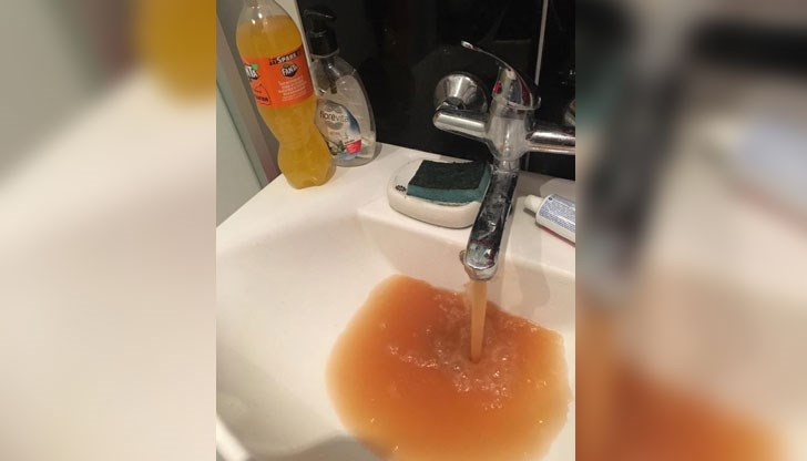 Заради необичайния цвят на водата, жената се е пошегувала, че тече "Фанта". Снимката предизвика бурни реакции в мрежата, а някой от потребителите са коментирали, че при тях тече бира и бяло вино.
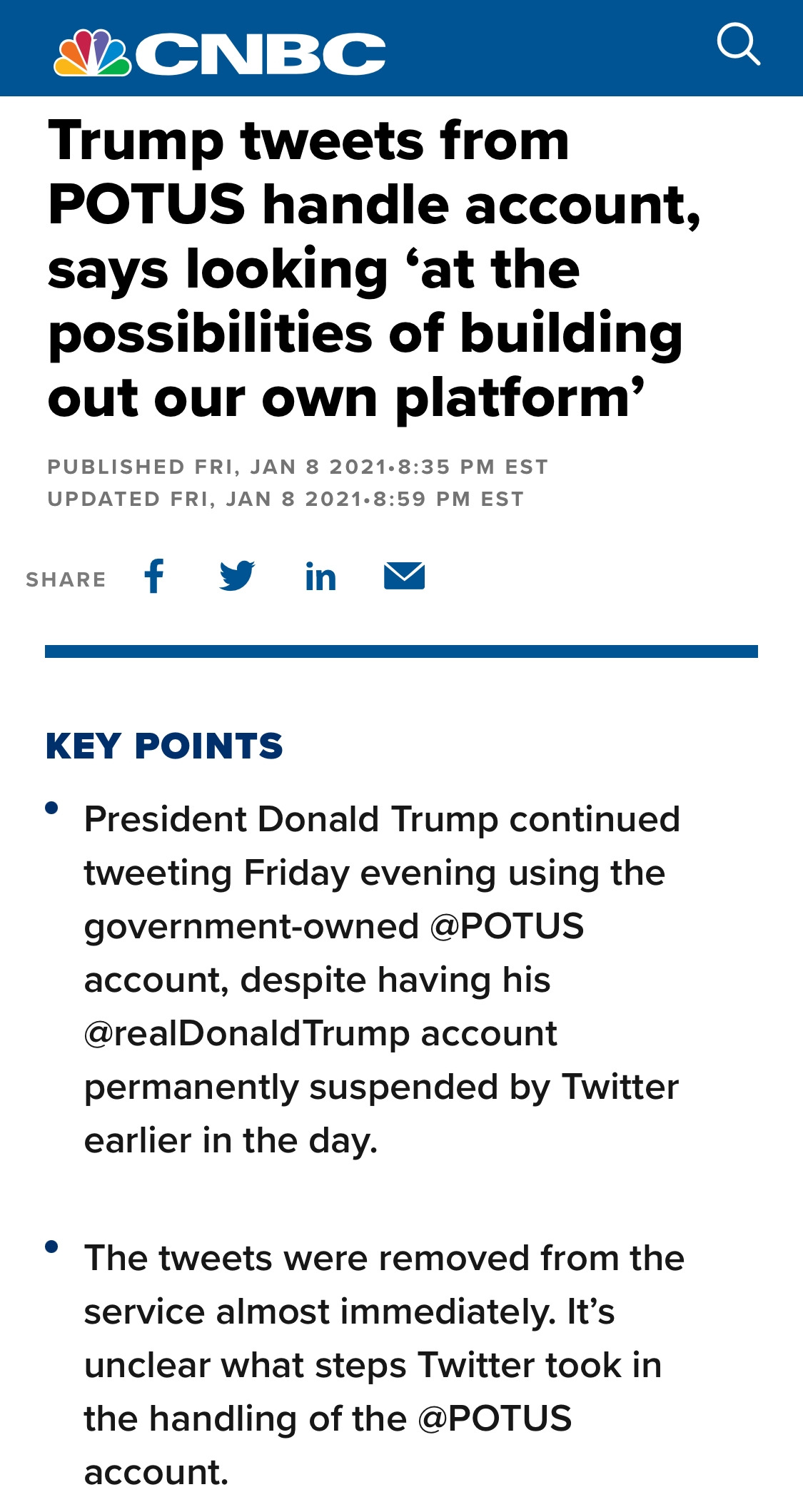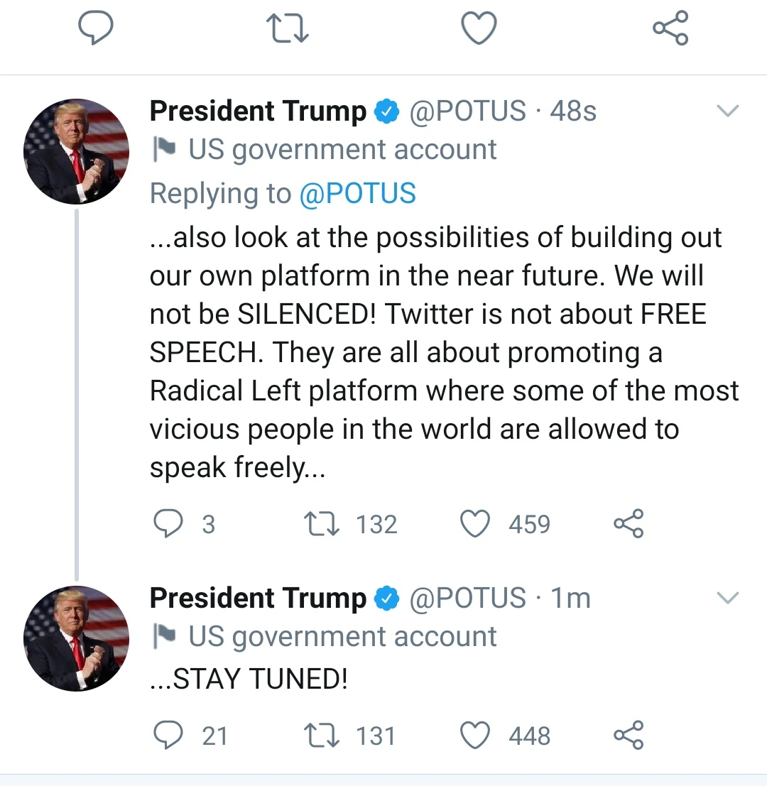 - 그럼 또 룰 위반이 가능하고, 트위터는 대응을 고민하겠죠. 이미 POTUS 계정 트윗도 삭제해서.. 다만 자연인 트럼프의 새 계정은 계속 조치하기 부담스러울 수 있습니다.
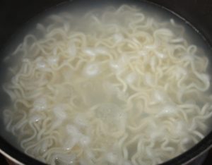 En una olla con agua hirviendo y una cucharadita de sal poner los noodles.
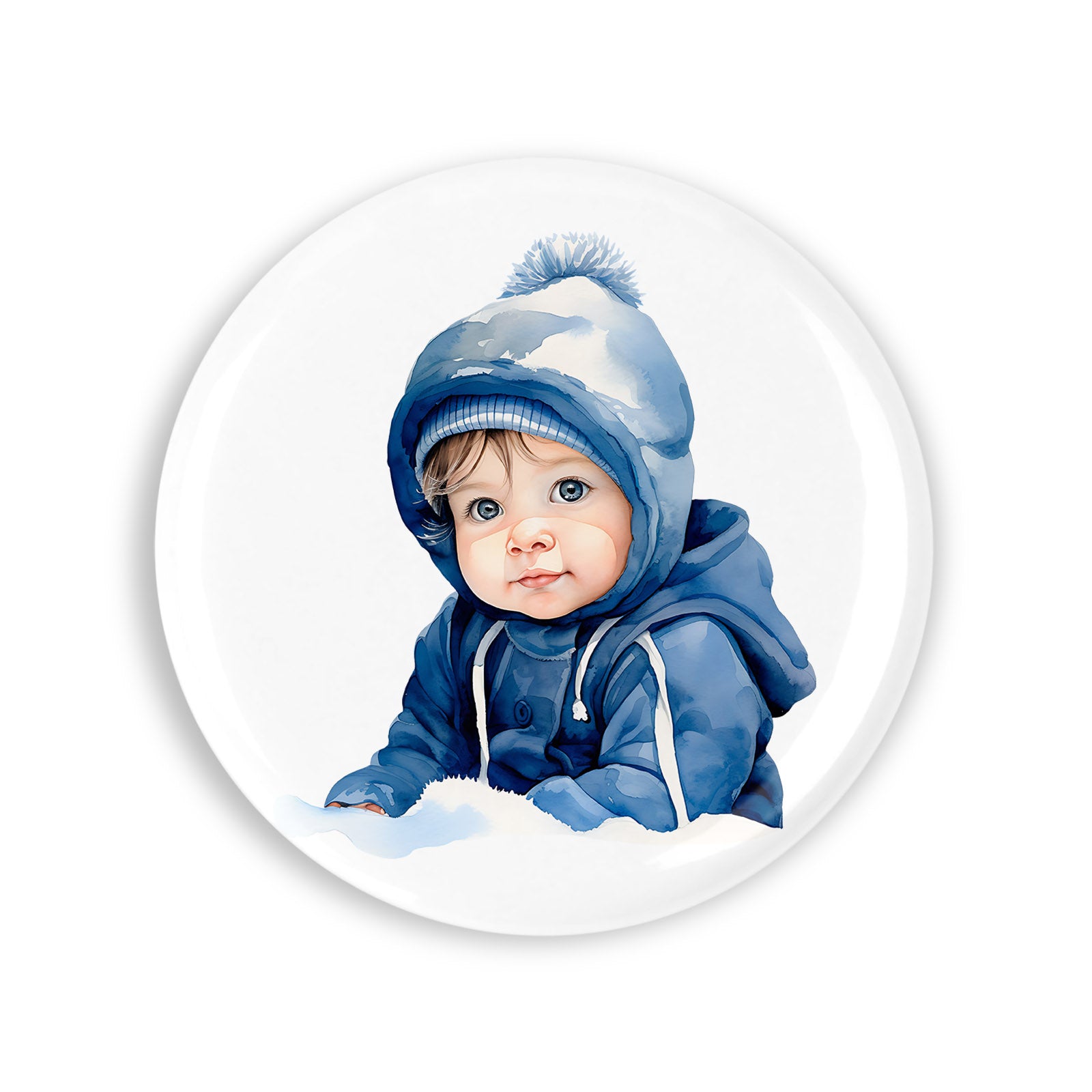 Set 4 insigne, Copil cu caciula si hanorac albastru, NO3933, Metal, 44 mm, Multicolor
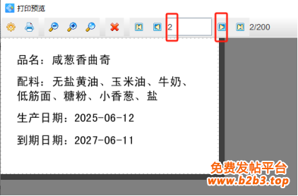 5. 制作完成之后,点击软件顶部的“打印”按钮,在打开的窗口中设置数据量(标签的总个数)为200、开始页码(从那一页开始打印)为1,点击结束页码(到那一页结束打印)后面的“尾页”,然后点击下面的“预览”按钮,翻页查看批量生成的生产日期和到期日期,预览无误就可以直接连接打印机打印出来了。
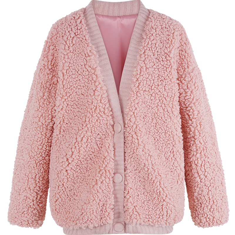 MG小象港味休閑外套女冬長袖2018新款復古學生寬松毛絨保暖上衣潮
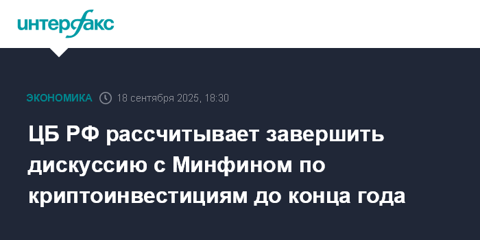ЦБ РФ рассчитывает завершить дискуссию с Минфином по криптоинвестициям до конца года
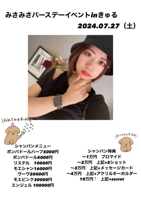 本日27日はゲスト『みさみさ』ちゃんの生誕祭イベントになります✨✨✨
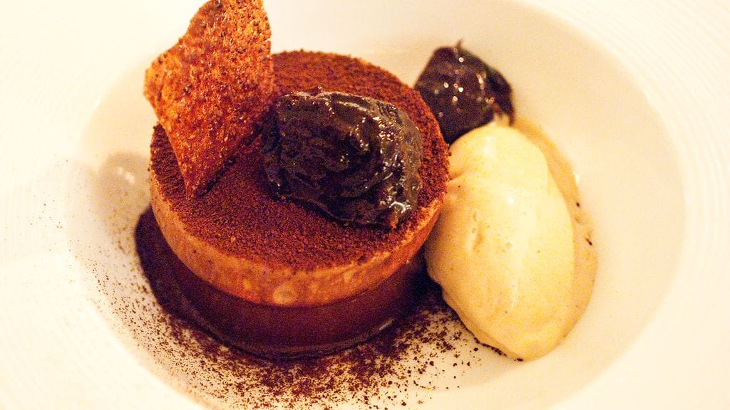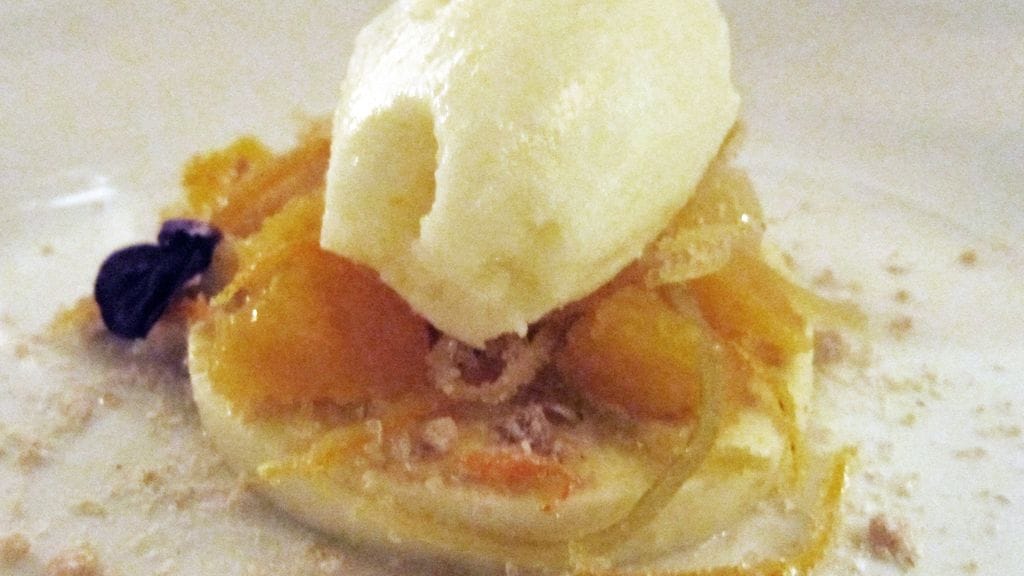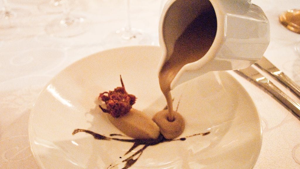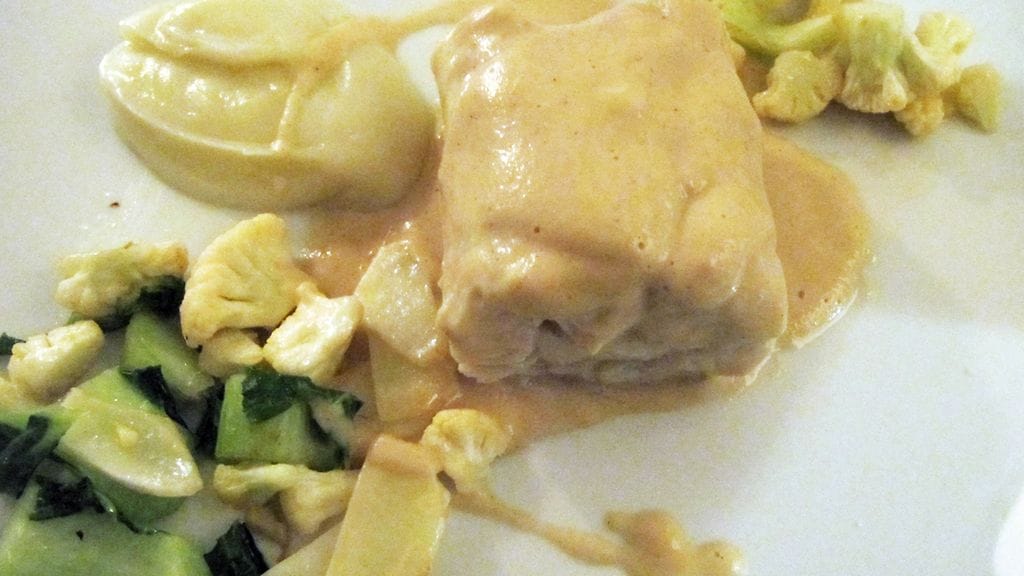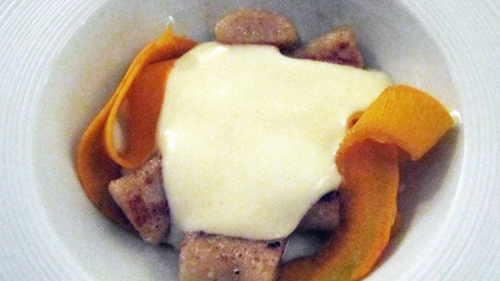 Vaimon eteen tuotiin upean näköinen annos . Mietojen makujen yhdistelmä kunnioitti ominaismakuja, mutta mukaan olisi voinut ottaa jotain pientä twistiä. Rakennetta annos sai pohjalla olleesta keksistä. Väliruoaksi sain . Rapean lihan ja pyreen päälle lorautettiin annos samettista munakoisokeittoa. Hyvin toimiva kokonaisuus. Munakoison mausta oli otettu irti, mitä pystyy. Keiton määrä oli mielestäni hivenen suuri suhteessa muihin ainesosiin. Varsin toimiva silta kala- ja liha-annoksen välissä. Toiselle puolelle pöytää kannettiin . Kurpitsan vauhdittama annos toi sopivan määrän lisää makua alkuruoan jälkeen. Maanläheinen makupala.
************
◆ Your instructions
Final stretch of the data: repeat exactly each line from the one containing "ЦБ РФ рассчитывает" through the last, and omit all pictures.

◆ Solution to the problem
ЦБ РФ рассчитывает завершить дискуссию с Минфином по криптоинвестициям до конца года
 本日27日はゲスト『みさみさ』ちゃんの生誕祭イベントになります✨✨✨
 Vaimon eteen tuotiin upean näköinen annos . Mietojen makujen yhdistelmä kunnioitti ominaismakuja, mutta mukaan olisi voinut ottaa jotain pientä twistiä. Rakennetta annos sai pohjalla olleesta keksistä. Väliruoaksi sain . Rapean lihan ja pyreen päälle lorautettiin annos samettista munakoisokeittoa. Hyvin toimiva kokonaisuus. Munakoison mausta oli otettu irti, mitä pystyy. Keiton määrä oli mielestäni hivenen suuri suhteessa muihin ainesosiin. Varsin toimiva silta kala- ja liha-annoksen välissä. Toiselle puolelle pöytää kannettiin . Kurpitsan vauhdittama annos toi sopivan määrän lisää makua alkuruoan jälkeen. Maanläheinen makupala.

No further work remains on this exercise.